JP 2008-1728 A JP 2008-266828 A JP 2007-51266 A

  The present invention has been made in view of the above-mentioned problems and situations, and its solution is a resin composite using cellulose nanofibers with a small fiber diameter distribution, which has a low linear expansion coefficient and transparency. It is to provide an excellent resin composite and a production method thereof. Moreover, it is providing the manufacturing method of the cellulose nanofiber for that.

  The problems according to the present invention are solved by the following means.

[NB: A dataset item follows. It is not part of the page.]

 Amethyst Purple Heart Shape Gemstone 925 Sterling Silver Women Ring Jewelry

1. A resin composite containing cellulose nanofibers, wherein the cellulose nanofibers are plant-derived cellulose fiber aggregates whose surfaces are subjected to acylation treatment, and the I _β type crystallinity is 40 to 60%. The average fiber diameter is in the range of 4 to 200 nm, and the coefficient of variation (S / Da), which is the ratio of the average fiber diameter Da and its standard deviation S, is within 0.15. Characteristic resin composite.

  2. The method for producing a resin composite according to claim 1, wherein the acylation treatment is an acylation treatment by a gas phase surface treatment method or a supercritical region surface treatment method. A method for producing a resin composite.

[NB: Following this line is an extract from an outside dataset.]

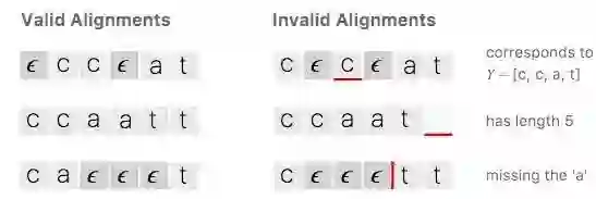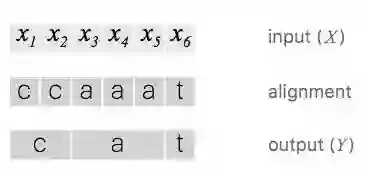 为了激发CTC的特定形式,我们可以实验一个简单的例子。假设输入X长度为6,输出Y=[c, a, t],那么对齐X和Y的一种有效方法是为每个输入长度分配一个输出字符并重复collapse:

  3. A method for producing cellulose nanofibers contained in the resin composite according to item 1, wherein the freeze-dried cellulose nanofibers are acylated by a gas phase surface treatment method. Production method.

  4). A method for producing cellulose nanofibers contained in the resin composite according to item 1, wherein the cellulose nanofibers are freeze-dried and acylated by a supercritical region surface treatment method. Manufacturing method.

  5. The method for producing cellulose nanofibers contained in the resin composite according to item 1, wherein the cellulose nanofibers subjected to acylation treatment are heated by infrared rays and stretched by 100 times or more. The manufacturing method of the cellulose nanofiber of the 3rd term or the 4th term.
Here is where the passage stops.